Required action.
Restate word for word the entries below, starting at the line with "据了解,昨日,不少旅客按照往" and ending at the line with "De mastersuite van". Keep both end lines and omit the pictures.

Records from a data collection.
- - - - -
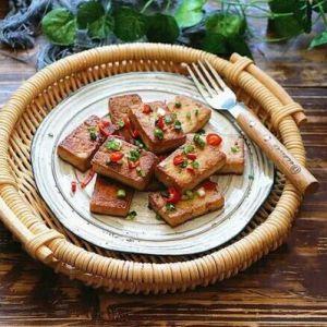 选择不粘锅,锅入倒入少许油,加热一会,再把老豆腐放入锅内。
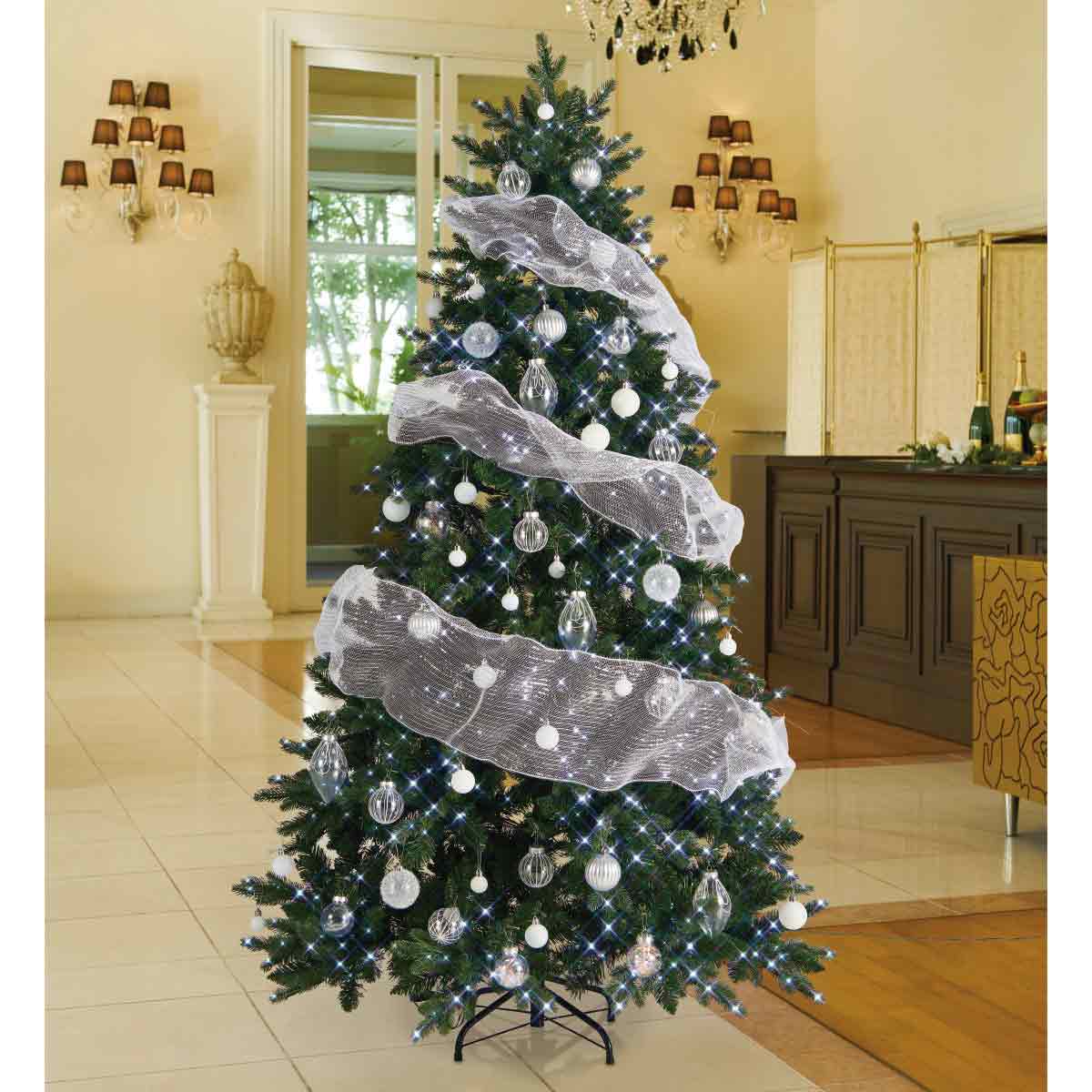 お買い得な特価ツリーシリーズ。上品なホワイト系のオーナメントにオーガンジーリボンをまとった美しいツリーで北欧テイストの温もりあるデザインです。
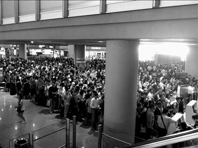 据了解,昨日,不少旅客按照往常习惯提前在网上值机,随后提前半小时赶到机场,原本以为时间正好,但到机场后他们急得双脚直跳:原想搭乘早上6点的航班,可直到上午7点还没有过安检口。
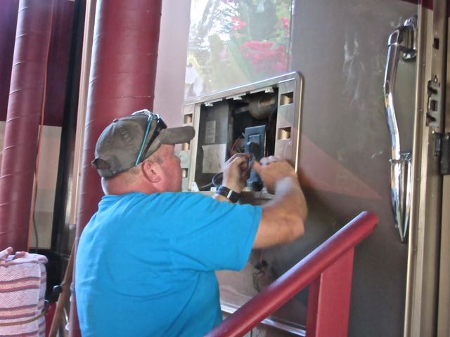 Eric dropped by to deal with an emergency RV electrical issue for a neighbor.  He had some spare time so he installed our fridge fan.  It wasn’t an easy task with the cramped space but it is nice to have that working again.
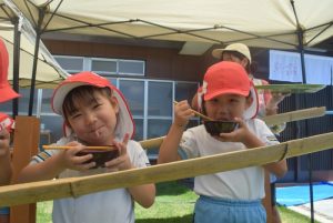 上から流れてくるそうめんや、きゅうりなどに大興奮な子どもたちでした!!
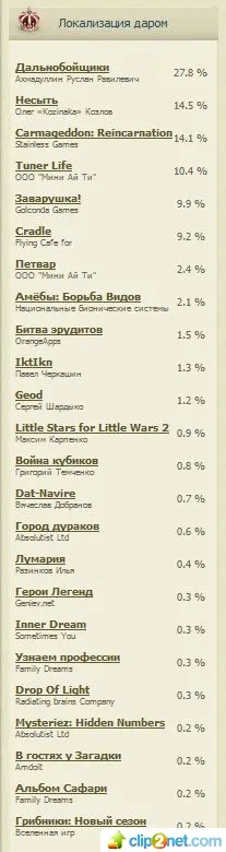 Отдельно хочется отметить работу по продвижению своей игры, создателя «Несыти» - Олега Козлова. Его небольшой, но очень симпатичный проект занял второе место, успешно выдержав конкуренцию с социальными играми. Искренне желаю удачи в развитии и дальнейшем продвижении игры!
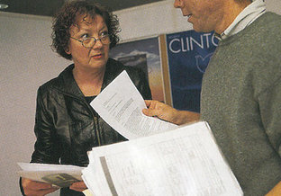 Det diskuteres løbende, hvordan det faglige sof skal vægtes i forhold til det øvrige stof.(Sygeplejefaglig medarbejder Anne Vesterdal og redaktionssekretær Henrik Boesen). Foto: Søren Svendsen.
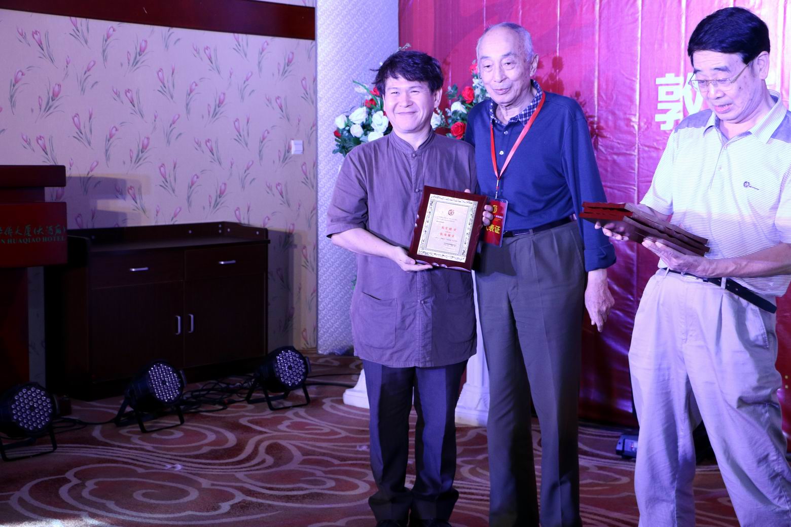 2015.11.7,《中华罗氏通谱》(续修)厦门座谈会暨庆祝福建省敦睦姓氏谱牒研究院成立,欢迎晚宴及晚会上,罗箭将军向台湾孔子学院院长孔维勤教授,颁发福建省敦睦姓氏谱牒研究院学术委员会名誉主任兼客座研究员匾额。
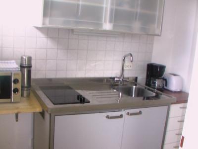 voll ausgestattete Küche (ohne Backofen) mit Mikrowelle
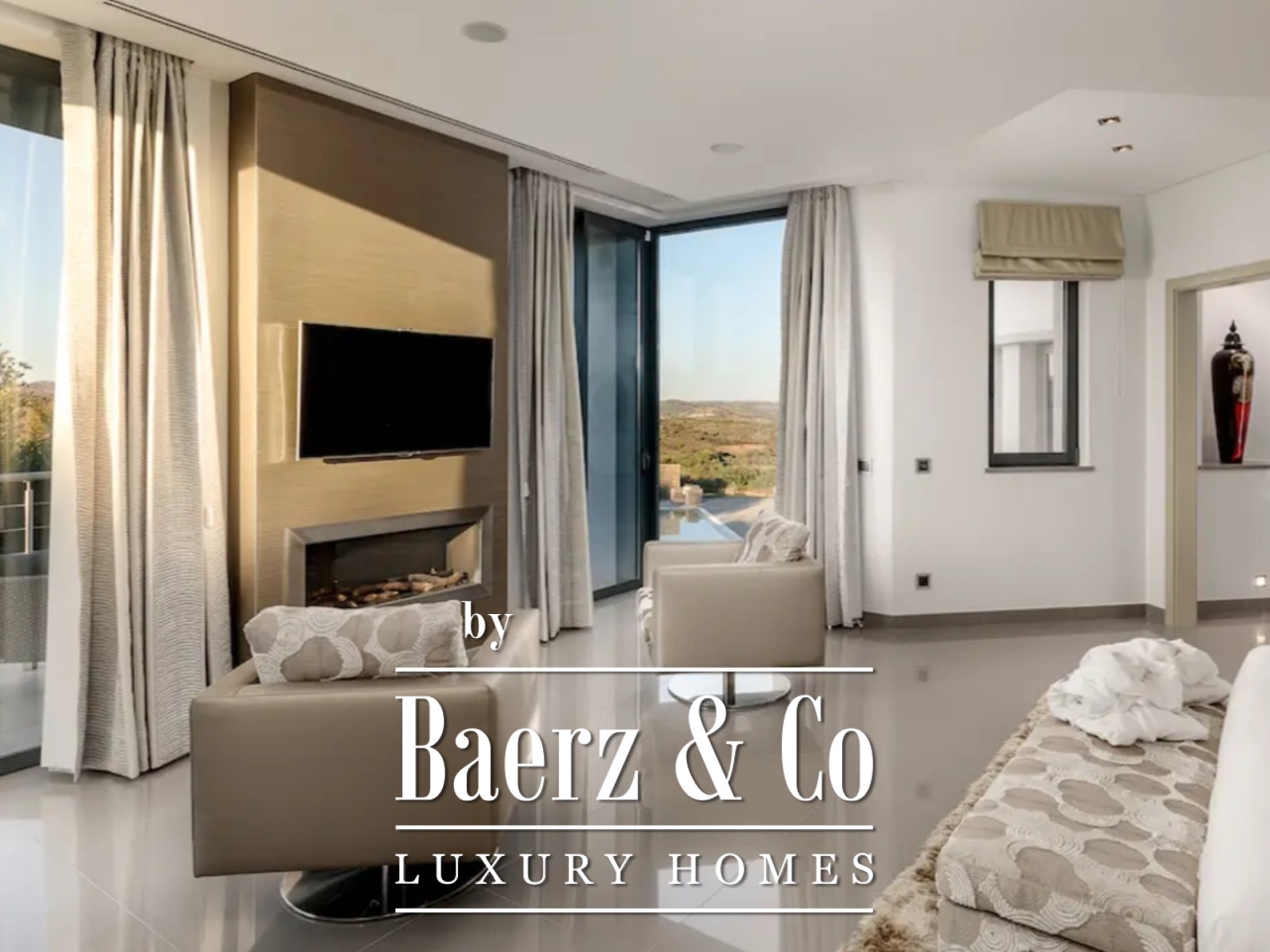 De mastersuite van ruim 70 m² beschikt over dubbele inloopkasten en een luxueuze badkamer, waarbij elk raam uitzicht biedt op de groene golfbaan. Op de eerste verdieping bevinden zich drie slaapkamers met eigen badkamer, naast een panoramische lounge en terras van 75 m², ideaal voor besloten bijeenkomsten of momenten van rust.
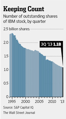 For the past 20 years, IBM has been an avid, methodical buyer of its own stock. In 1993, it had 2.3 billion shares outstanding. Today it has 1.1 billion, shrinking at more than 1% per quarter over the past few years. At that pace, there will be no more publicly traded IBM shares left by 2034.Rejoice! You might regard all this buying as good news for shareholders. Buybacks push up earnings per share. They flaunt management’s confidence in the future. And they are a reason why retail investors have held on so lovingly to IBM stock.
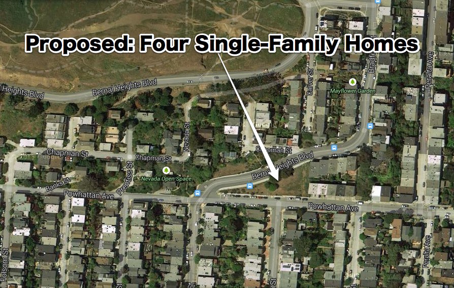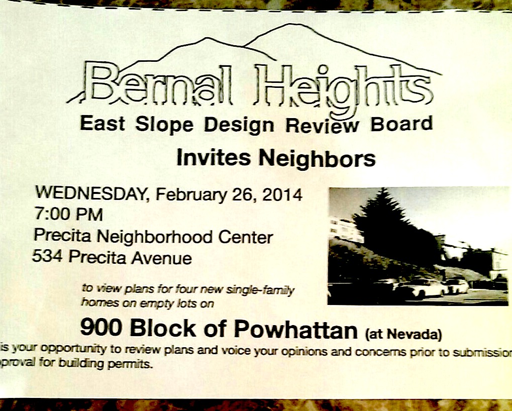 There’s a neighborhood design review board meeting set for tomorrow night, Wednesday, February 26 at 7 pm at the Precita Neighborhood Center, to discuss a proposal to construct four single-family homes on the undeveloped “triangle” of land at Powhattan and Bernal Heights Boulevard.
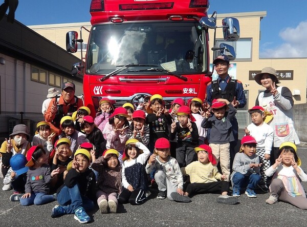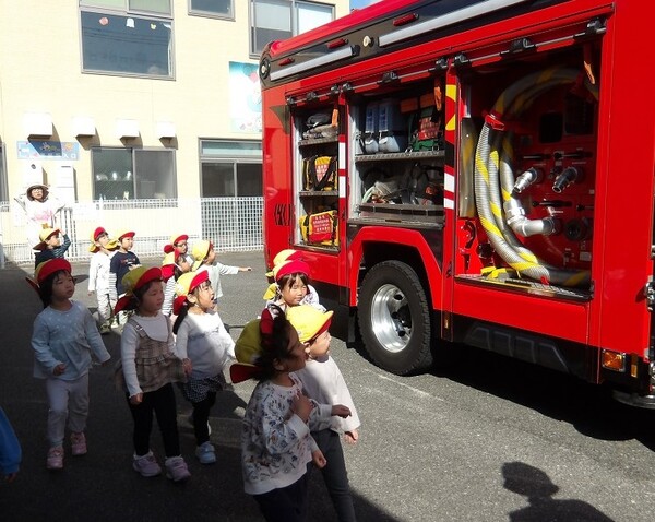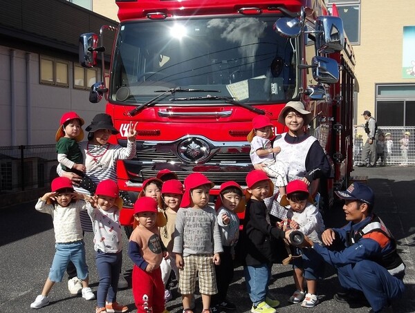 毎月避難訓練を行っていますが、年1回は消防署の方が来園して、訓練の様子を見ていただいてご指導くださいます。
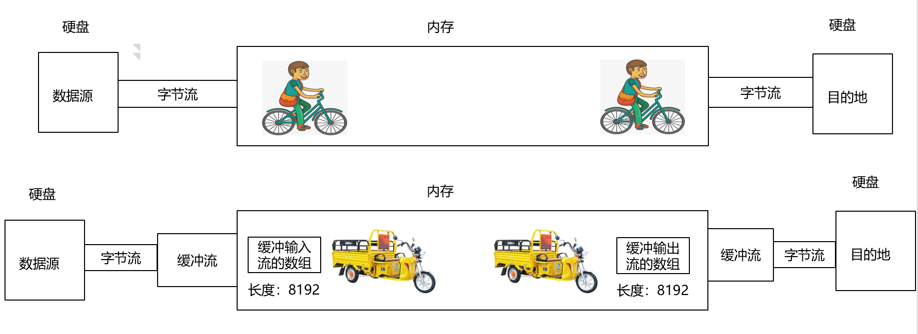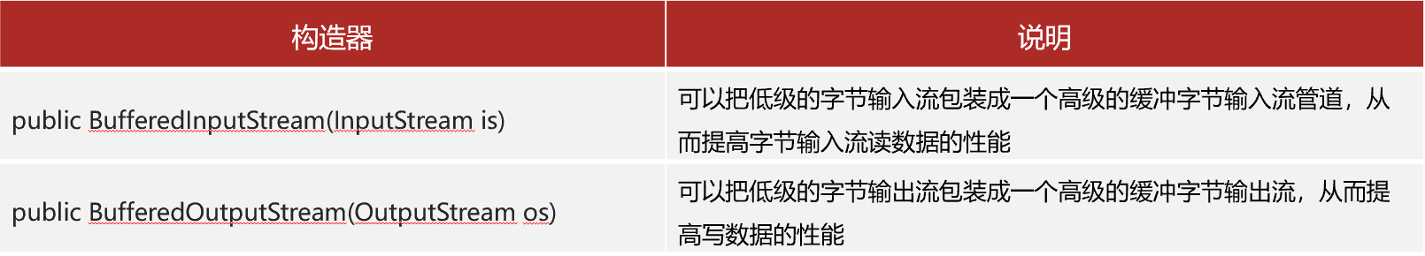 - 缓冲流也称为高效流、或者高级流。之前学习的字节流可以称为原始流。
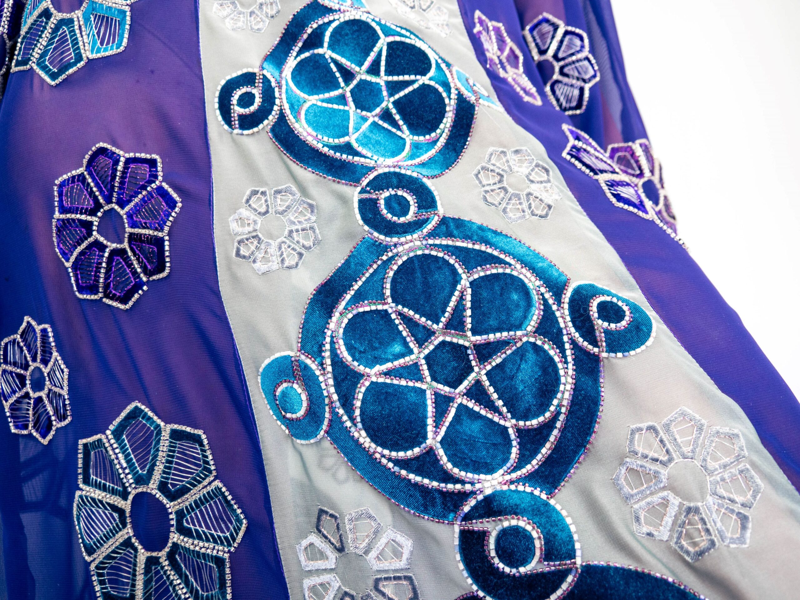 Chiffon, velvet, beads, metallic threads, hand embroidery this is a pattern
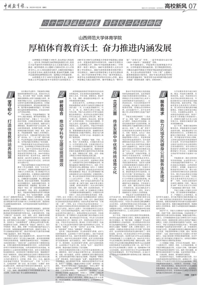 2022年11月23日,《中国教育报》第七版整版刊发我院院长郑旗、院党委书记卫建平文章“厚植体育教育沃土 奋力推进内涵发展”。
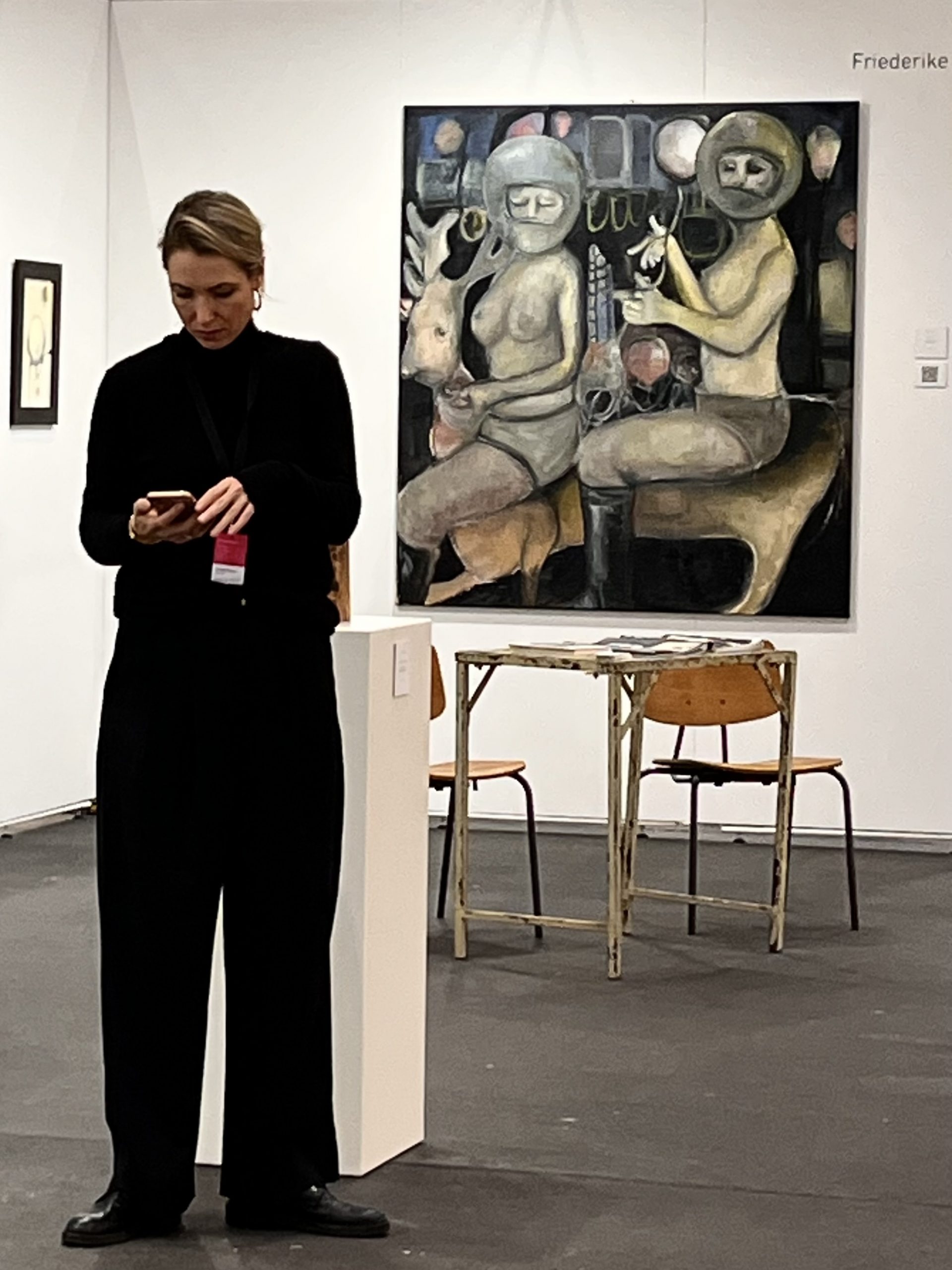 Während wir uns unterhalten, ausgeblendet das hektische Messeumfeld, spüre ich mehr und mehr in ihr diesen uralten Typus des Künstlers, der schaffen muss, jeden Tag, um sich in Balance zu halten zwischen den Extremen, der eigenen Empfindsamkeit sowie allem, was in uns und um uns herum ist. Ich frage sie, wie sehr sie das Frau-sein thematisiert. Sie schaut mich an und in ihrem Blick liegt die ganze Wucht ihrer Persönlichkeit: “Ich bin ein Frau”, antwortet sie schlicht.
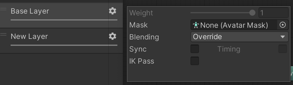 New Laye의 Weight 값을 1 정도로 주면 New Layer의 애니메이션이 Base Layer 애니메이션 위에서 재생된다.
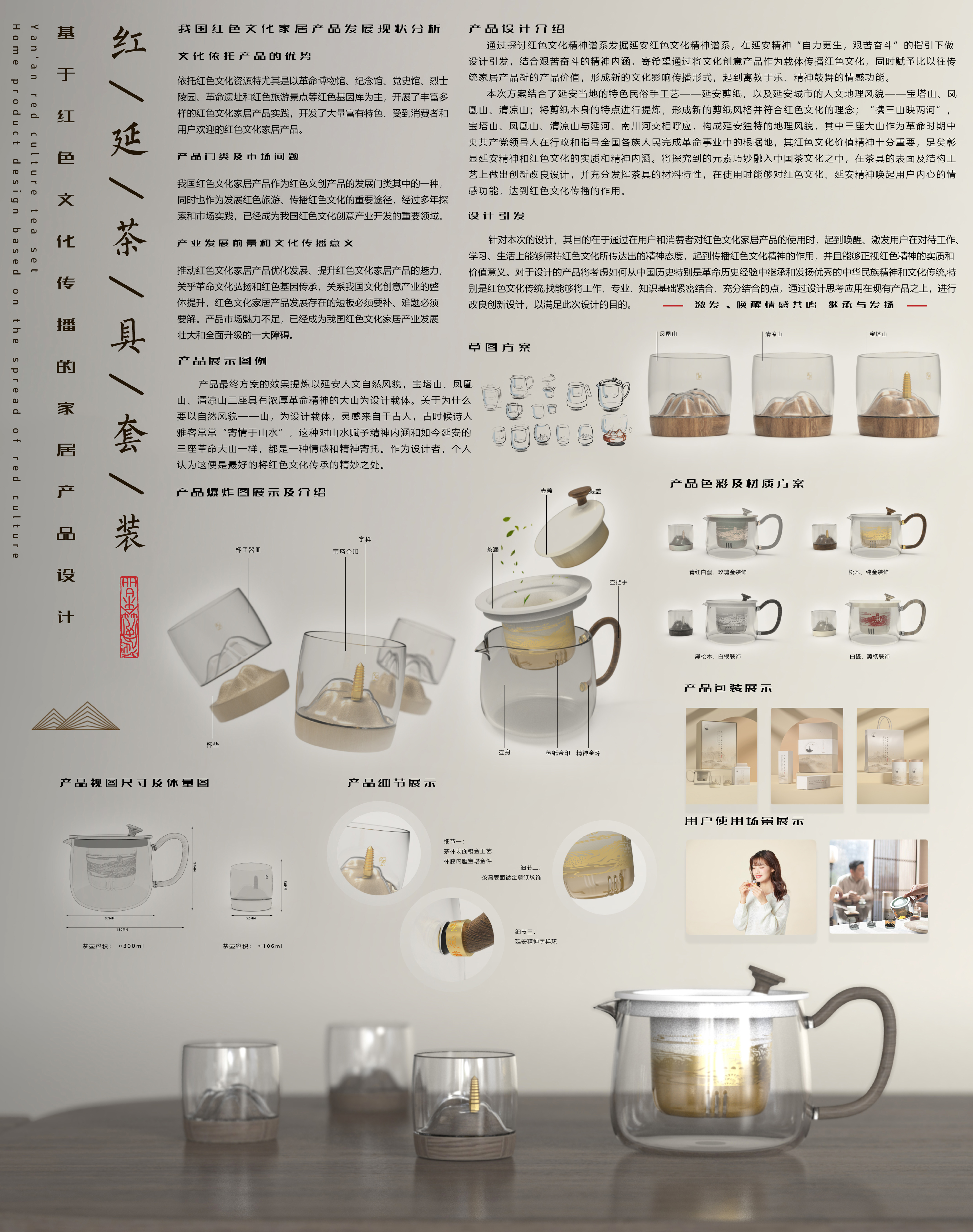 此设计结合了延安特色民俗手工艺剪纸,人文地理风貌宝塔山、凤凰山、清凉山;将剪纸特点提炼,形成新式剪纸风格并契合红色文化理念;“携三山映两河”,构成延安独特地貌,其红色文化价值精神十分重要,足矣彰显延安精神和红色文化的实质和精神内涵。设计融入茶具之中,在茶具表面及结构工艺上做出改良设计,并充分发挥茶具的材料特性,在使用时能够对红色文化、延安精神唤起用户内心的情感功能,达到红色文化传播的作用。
- - - - -
Result of the task.
 据了解,昨日,不少旅客按照往常习惯提前在网上值机,随后提前半小时赶到机场,原本以为时间正好,但到机场后他们急得双脚直跳:原想搭乘早上6点的航班,可直到上午7点还没有过安检口。
 Eric dropped by to deal with an emergency RV electrical issue for a neighbor.  He had some spare time so he installed our fridge fan.  It wasn’t an easy task with the cramped space but it is nice to have that working again.
 上から流れてくるそうめんや、きゅうりなどに大興奮な子どもたちでした!!
 Отдельно хочется отметить работу по продвижению своей игры, создателя «Несыти» - Олега Козлова. Его небольшой, но очень симпатичный проект занял второе место, успешно выдержав конкуренцию с социальными играми. Искренне желаю удачи в развитии и дальнейшем продвижении игры!
 Det diskuteres løbende, hvordan det faglige sof skal vægtes i forhold til det øvrige stof.(Sygeplejefaglig medarbejder Anne Vesterdal og redaktionssekretær Henrik Boesen). Foto: Søren Svendsen.
 2015.11.7,《中华罗氏通谱》(续修)厦门座谈会暨庆祝福建省敦睦姓氏谱牒研究院成立,欢迎晚宴及晚会上,罗箭将军向台湾孔子学院院长孔维勤教授,颁发福建省敦睦姓氏谱牒研究院学术委员会名誉主任兼客座研究员匾额。
 voll ausgestattete Küche (ohne Backofen) mit Mikrowelle
 De mastersuite van ruim 70 m² beschikt over dubbele inloopkasten en een luxueuze badkamer, waarbij elk raam uitzicht biedt op de groene golfbaan. Op de eerste verdieping bevinden zich drie slaapkamers met eigen badkamer, naast een panoramische lounge en terras van 75 m², ideaal voor besloten bijeenkomsten of momenten van rust.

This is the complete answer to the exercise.